Nitric oxide inhibits FTO demethylase activity to regulate N(6)-methyladenosine mRNA methylation

N(6)-methyladenosine (m(6)A) is the most abundant internal modification on eukaryotic mRNAs. Demethylation of m(6)A on mRNA is catalyzed by the enzyme fat mass and obesity-associated protein (FTO), a member of the nonheme Fe(II) and 2-oxoglutarate (2-OG)-dependent family of dioxygenases. FTO activity and m(6)A-mRNA are dysregulated in multiple diseases including cancers, yet endogenous signaling molecules that modulate FTO activity have not been identified.

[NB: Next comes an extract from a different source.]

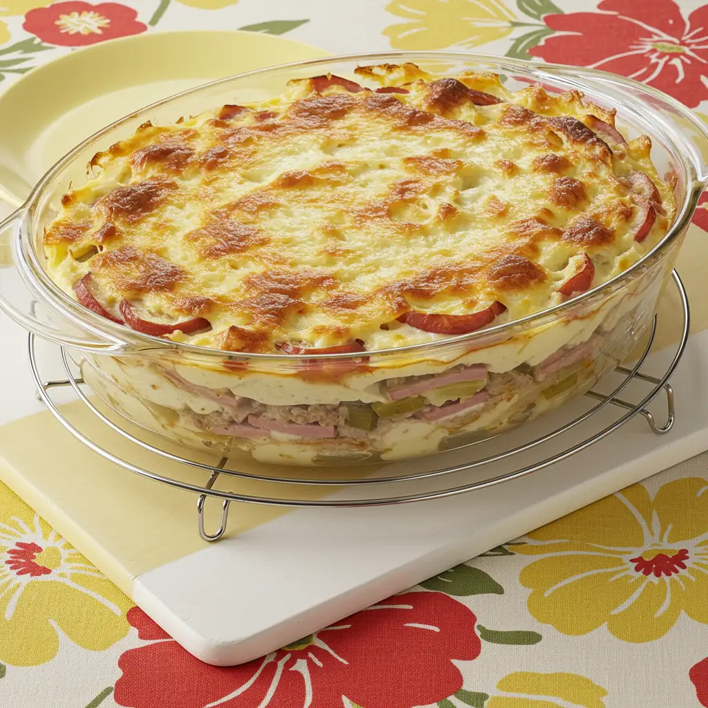 Montagem: Em um refratário, espalhe uma camada do molho branco, depois uma camada de massa de lasanha, uma camada de frango, uma de presunto, uma de mussarela e repita as camadas: molho branco, massa, carne moída, presunto, mussarela; molho branco, massa, carne seca, presunto, mussarela.

Here we show that nitric oxide (NO) is a potent inhibitor of FTO demethylase activity by directly binding to the catalytic iron center, which causes global m(6)A hypermethylation of mRNA in cells and results in gene-specific enrichment of m(6)A on mRNA of NO-regulated transcripts. Both cell culture and tumor xenograft models demonstrated that endogenous NO synthesis can regulate m(6)A-mRNA levels and transcriptional changes of m(6)A-associated genes. These results build a direct link between NO and m(6)A-mRNA regulation and reveal a novel signaling mechanism of NO as an endogenous regulator of the epitranscriptome.